You don’t need a fancy studio, and you don’t need to hire an expensive audio production team. Recording remotely means you can record exceptional audio guides for your visitors right from your home and you don’t necessarily need a large budget. Our recommendation is to use Voice Memos, Audacity, and Garageband to get started, but if you’re interested in a more detailed list, check out our previous article.
In addition to equipment recommendations to help you create incredible audio guides for your museum’s exhibitions, we also want you to see how some of our partner institutions have put this advice into action:
Case Study: International Center of Photography
One of the International Center of Photography’s most recent exhibitions is #ICPConcerned: Global Images for Global Crisis, which is on view from August 11, 2020 through December 31, 2020. The exhibition is a collection of photographs from around the world that were born out of an artistic desire to respond to recent worldwide events including global lockdowns and Black Lives Matter protests using the hashtag #ICPConcerned on Instagram.
ICP asked photographers from various countries to reflect on their images and record their stories, which now live on the Gesso app. The photographers bring a wide range of emotions to the stories behind the photos- grief, hope, frustration, strength. The digital exhibition is a reminder that although we might be apart, together we can still understand our shared experiences in the hopes of creating a future built on empathy.
“Using Gesso for the exhibitions we opened at ICP in January 2020 allowed us to provide an audio guide experience that museum-goers could access from home and in our galleries.
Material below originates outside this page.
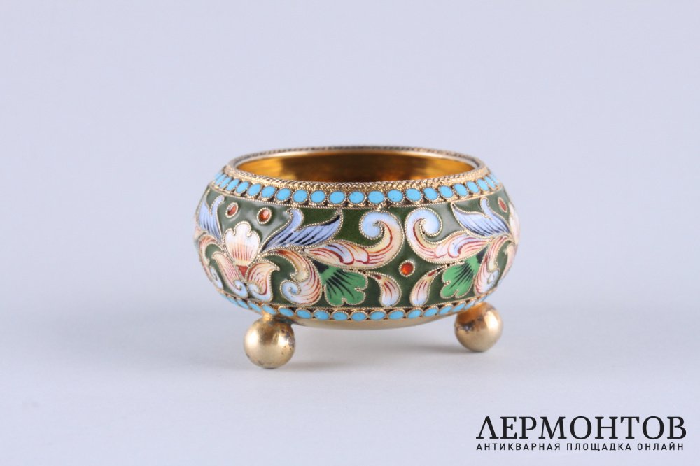 Антикварная солонка из серебра 84 пробы, изготовленная в Российской империи в Москве в мастерской Ильи Григорьевича Трыкина в 1899-1908 годах . Украшена расписной эмалью по скани. Отличная сохранность.

So, when we thought about ways to expand the online presence and accessibility of our new virtual exhibition, #ICPConcerned: Global Images for Global Crisis, which grew out of a hashtag ICP launched in March to allow people to share responses to the pandemic, we knew audio should be an essential component.
We invited the photographers to record their own audio, most on their mobile devices, and Gesso took care of the rest! The photographers’ response to participate has been incredible! We’ve been adding about 20 new audio stories every two weeks, and will continue to grow the guide alongside the exhibition.
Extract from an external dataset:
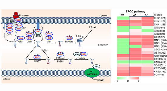 據劉文德研究員介紹,稻瘟病是世界范圍內嚴重威脅水稻安全生產的重要病害,時常發生局部或者大范圍的流行,造成農業生產重大損失。蛋白N-糖基化在內質網和高爾基體中進行,調節生命體蛋白質折疊、運輸等過程。然而,在植物病原真菌中,被N-糖基化修飾的大量蛋白還未被鑒定,其調控病原菌生長發育和致病過程的分子機制尚不清楚。研究人員使用定量修飾蛋白組學的策略,繪制了稻瘟病菌355個蛋白共559個位點的N-糖基化修飾圖譜,并發現參與細胞內質網質量控制系統的絕大部分蛋白均被鑒定為N-糖基化蛋白。深入分析揭示了該系統的關鍵蛋白編碼基因Gls1、 Gls2、GTB1和Cnx1對病原菌侵染循環的菌絲生長,分生孢子發育以及侵染菌絲擴展等過程均十分重要,而Gls1的糖基化修飾調控其蛋白穩定性和內質網定位,從而影響內質網質量控制系統的生物學功能。

While still working remotely, Gesso’s platform allowed us to easily create an audio guide that added insight to the variety of experiences represented in the images and matched their intimate tone. Hearing directly from the diverse group of photographers around the world about what they were thinking and feeling at the time they clicked the shutter adds so much depth to the whole exhibition.”
-Sara Ickow, Curatorial Coordinator at the International Center of Photography
Case Study: Queens Museum
The Queens Museum recently recorded two exhibitions, Bruce Davidson: Outsider on the Inside and The Panorama of the City of New York, entirely remotely. Hear it for yourself.
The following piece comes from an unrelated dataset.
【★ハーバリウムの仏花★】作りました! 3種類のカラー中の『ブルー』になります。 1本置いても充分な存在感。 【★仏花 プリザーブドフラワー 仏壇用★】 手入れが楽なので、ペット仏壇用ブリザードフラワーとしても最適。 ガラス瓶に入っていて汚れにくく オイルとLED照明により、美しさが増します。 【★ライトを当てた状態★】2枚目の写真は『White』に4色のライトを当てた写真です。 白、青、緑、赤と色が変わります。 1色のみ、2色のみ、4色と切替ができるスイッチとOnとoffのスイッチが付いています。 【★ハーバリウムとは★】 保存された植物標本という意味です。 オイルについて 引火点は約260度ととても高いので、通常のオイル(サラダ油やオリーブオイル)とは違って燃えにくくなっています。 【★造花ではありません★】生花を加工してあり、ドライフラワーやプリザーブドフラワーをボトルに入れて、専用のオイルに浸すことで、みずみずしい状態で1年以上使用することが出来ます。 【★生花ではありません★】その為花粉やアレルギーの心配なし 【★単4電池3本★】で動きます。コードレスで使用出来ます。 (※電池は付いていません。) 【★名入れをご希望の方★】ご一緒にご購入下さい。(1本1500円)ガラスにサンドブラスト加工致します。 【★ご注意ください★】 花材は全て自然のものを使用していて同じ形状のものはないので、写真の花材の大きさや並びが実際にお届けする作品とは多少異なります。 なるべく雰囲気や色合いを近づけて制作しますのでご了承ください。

Amy Raffel, Ph.D., Andrew W. Mellon Interpretation Research Fellow at the Queens Museum reflects on the experience,
“The Queens Museum has always wanted to make our exhibitions more accessible with audio content, and now, it’s easier than ever to produce audio tours without relying on expensive equipment. I’ve been able to create ours with just an iPhone and free editing software. Gesso has also played an important part in presenting this new material online, it’s an impressive platform.”
Case Study: The Cultural Services of the French Embassy
In addition to museums, we’ve also used our innovative, straightforward technology with other cultural groups as well including the Cultural Services of the French Embassy. Over this past summer, we worked with the Cultural Services of the French Embassy to create a virtual tour in honor of Bastille Day that highlights the deep bond between our two countries. These stories are told by Deputy Cultural Counselor Hervé Ferrage and Press Officer Mathilde Campergue, illuminating the long history of diplomacy, artistic collaboration, and mutual admiration between France and the United States.